[Items from a dataset]
# # # #

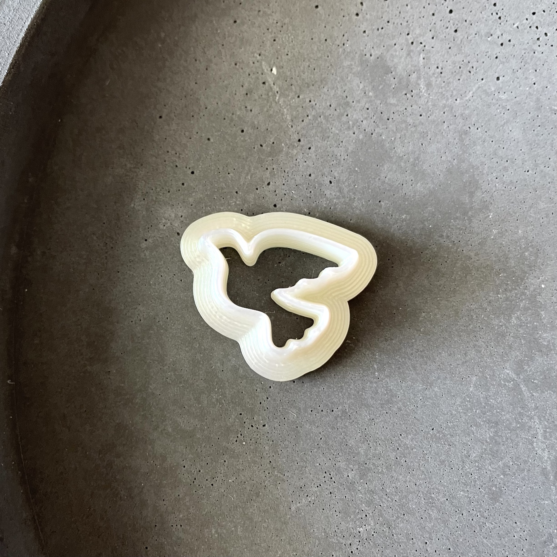 • Forma branca em forma de pomba sobre superfície cinza
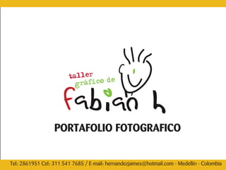 Este documento contiene la información de contacto de un fotógrafo en Medellín, Colombia, incluyendo su teléfono fijo, celular y correo electrónico. La información se repite varias veces a lo largo del texto, lo que sugiere que es un portafolio fotográfico. No se proporciona información adicional sobre el trabajo o el estilo del fotógrafo.
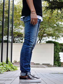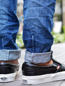 すそはより絞り込まれているので、綺麗なシルエットで穿けます。
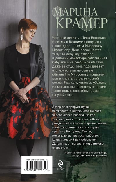 Private detective Tina Volodina and her husband Vladimir get a new case - to find Miroslava Ifantyeva. The case is complicated by the fact that the girl was taken to a distant monastery by her own grandmother and did not inform even her father. Tina suspects that the monastery is not quite ordinary and Miroslav will be dragged out of the religious sect. Those who managed to escape from the monastery are persecuted by some “apostles” capable of even murder. . .
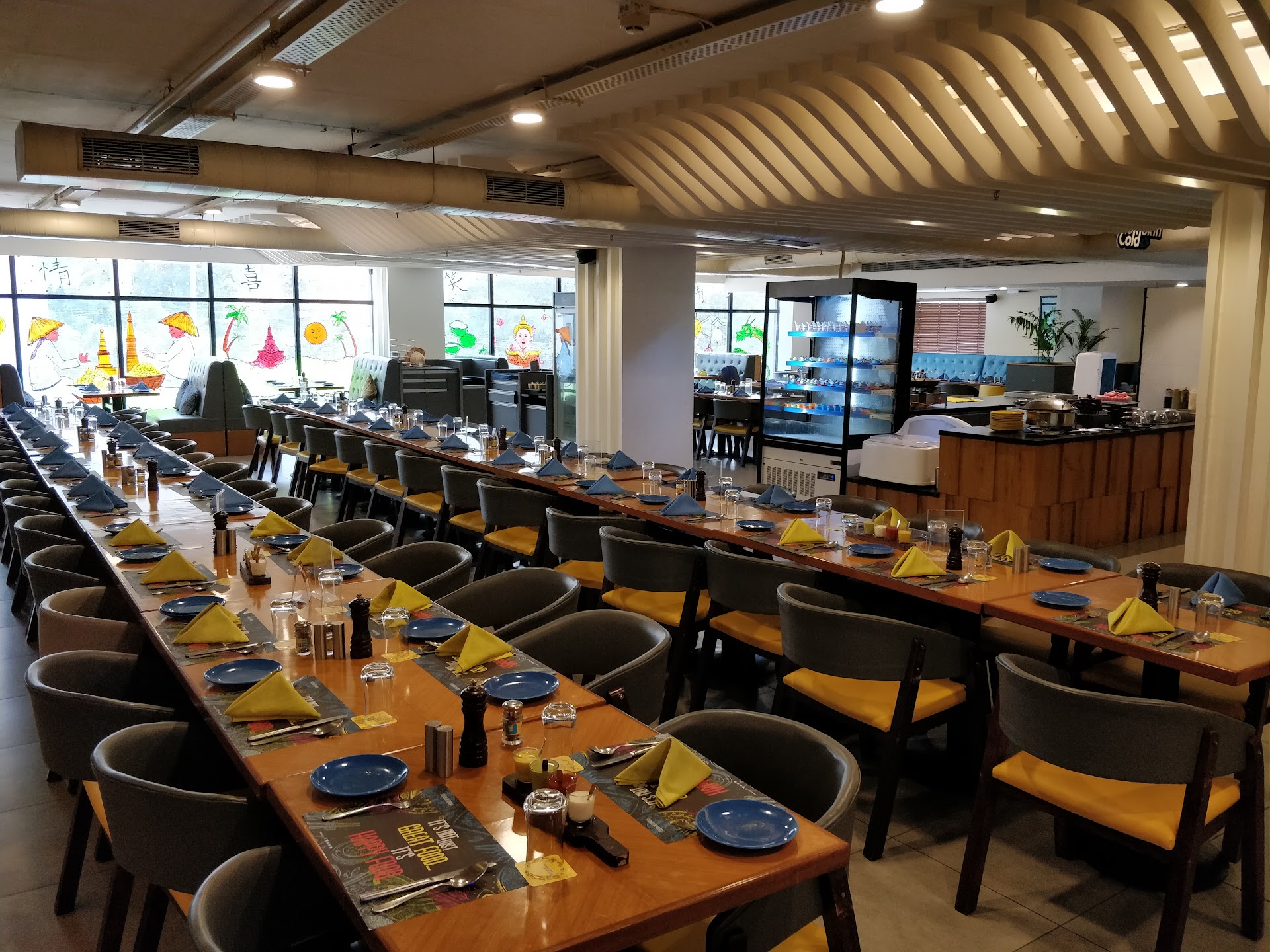 #Maincourse: Wok Tossed paneer in spicy peanut butter Ching Ling Baby corn Lankan aubergine curry Aloo gulat Dum ka kofta Divine trio(corn,mushrooms and spinach) classic dal makhni Tawa pulao steamed basmati rice Moon Fan rice Subz Dum biryani Pad Thai noodles
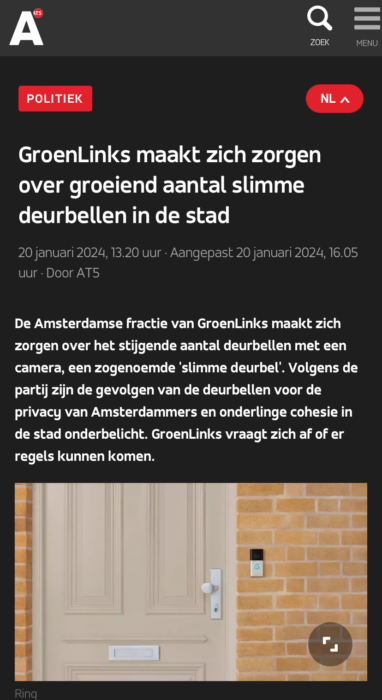 Dutch local news channel for Amsterdam AT5 reports that GroenLinks, a Dutch leftwing green party, is worried about the rampant use of smart doorbells like Ring.
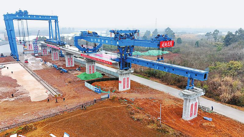 成渝中线高铁的桥梁建设投入多种智能化设备,运梁车采用北斗系统导航,司机一个人就能完成安全运输;箱梁预制集设计模块化、施工生产工厂化、管理手段信息化等于一体,实现全流程智能化生产。截至目前,成渝中线高铁四川段各标段项目部、分部驻地及中心实验室全部建成投用,梁场、板厂、管片厂、拌合站等大型临时设施建设正有序推进。首孔箱梁成功架设后,项目进入桥梁上部结构建设阶段,为后续施工奠定坚实基础。
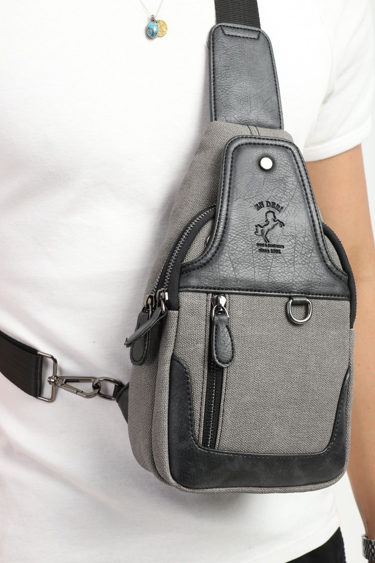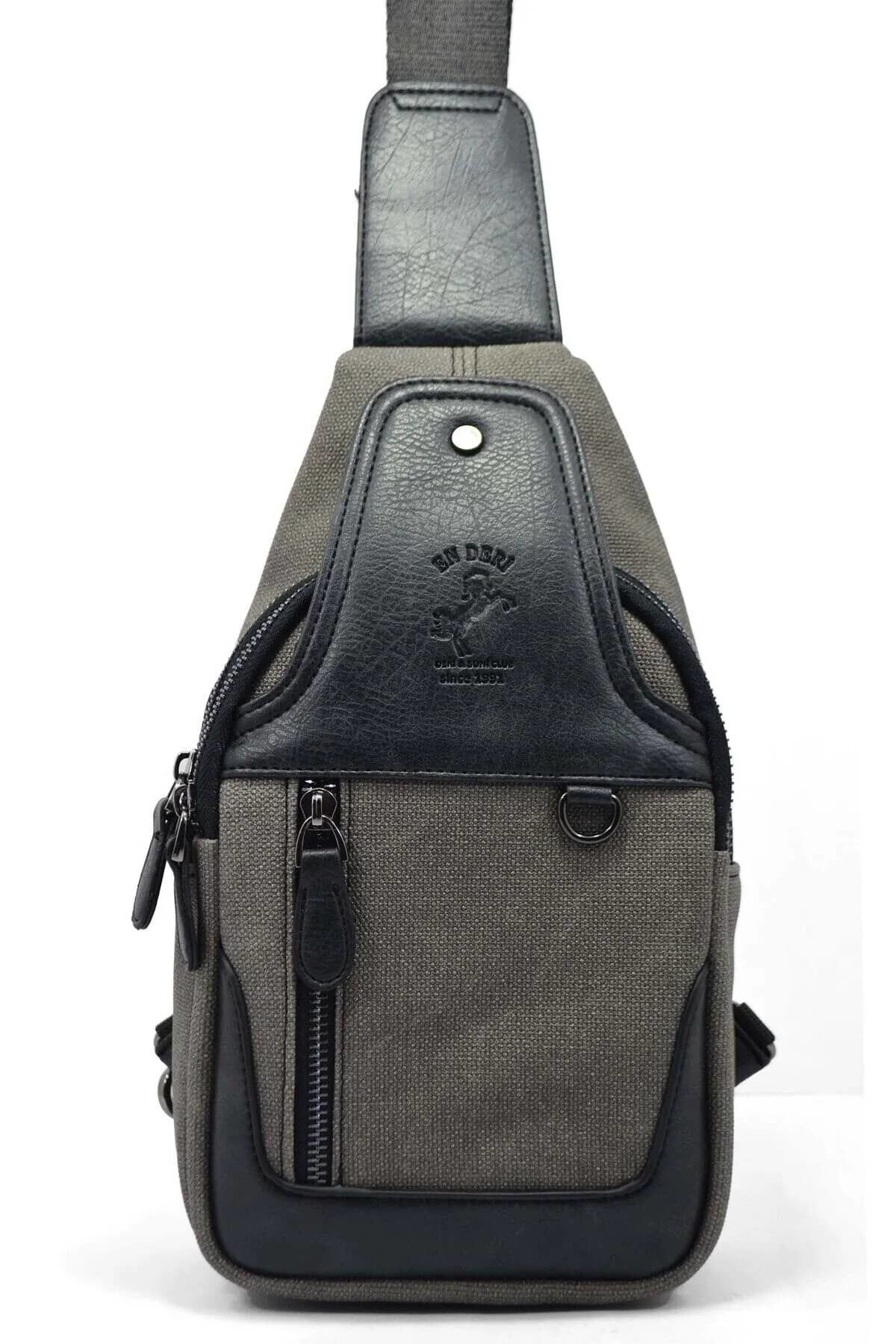 Antrasit Kanvas Omuz Çantası - Mıknatıslı Bölmeli Askılı Çapraz Çanta
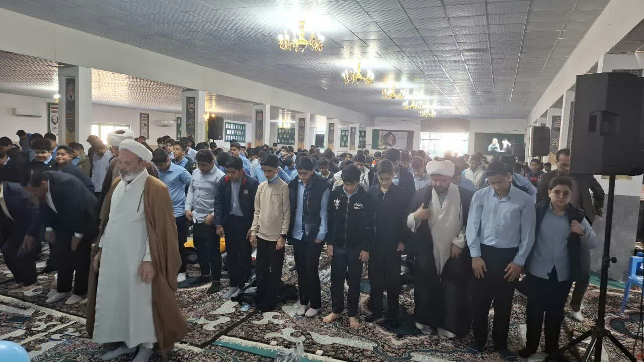 درپایان دانش آموزان مکلف پیمان نامه تکلیف را قرائت و فریضه ظهر و عصر را به امامت حجت الاسلام والمسلمین علی آبادی دبیرستاد اقامه نماز به جماعت اقامه کردند.
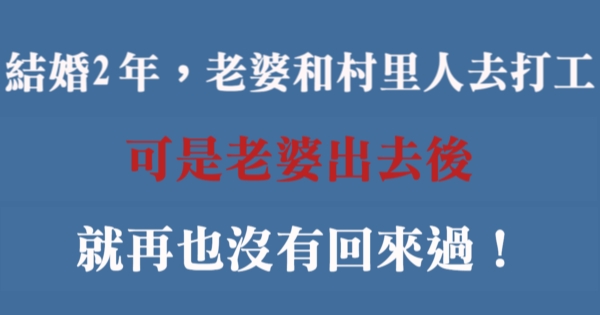 結婚2年,老婆和村里人出去打工,可是老婆出去後就再也沒回來過!
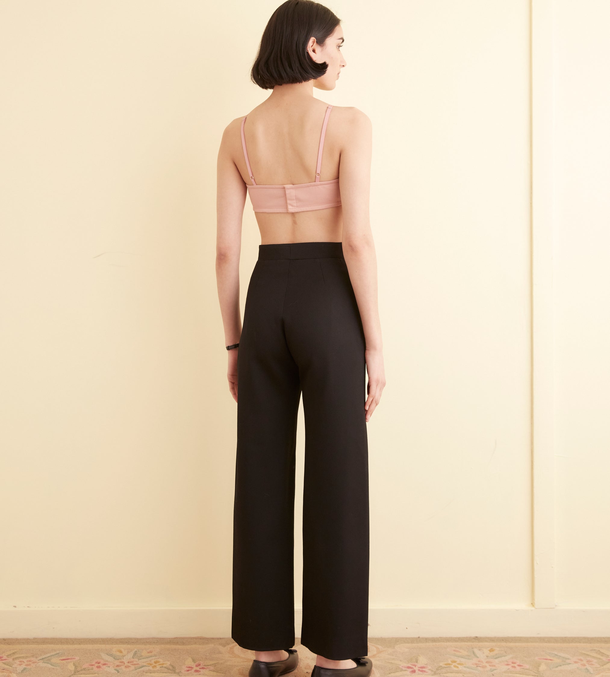This bra is inspired by a 1930s bralette. We reproduced the silhouette for this style, which has been appliquéd with leaves and flowers made of silk ribbon.
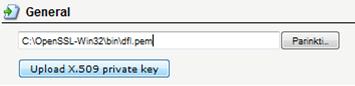 6. Atsivėrusiame lange nurodykite kelią iki privataus DFL rakto (pagal pvz.: „dfl.pem“).
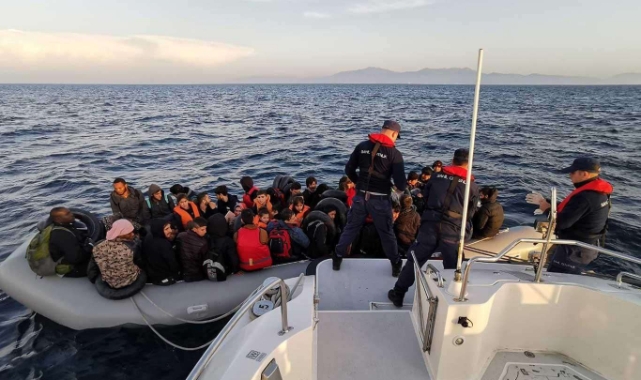 Sahil Güvenlik Komutanlığına bağlı ekip İzmir’in Çeşme ve Seferihisar açıklarında 4 lastik botta düzensiz göçmenler olduğu bilgisinin alınması üzerine harekete geçti.

# # # #

Return the stretch of data that begins with the line showing "結婚2年,老婆和村里人出去打工,可是老婆出去後就再也沒回來過!" and goes on through the line showing "6. Atsivėrusiame lange", exactly, with pictures removed.

### EXPECTED ANSWER
 結婚2年,老婆和村里人出去打工,可是老婆出去後就再也沒回來過!
This bra is inspired by a 1930s bralette. We reproduced the silhouette for this style, which has been appliquéd with leaves and flowers made of silk ribbon.
 6. Atsivėrusiame lange nurodykite kelią iki privataus DFL rakto (pagal pvz.: „dfl.pem“).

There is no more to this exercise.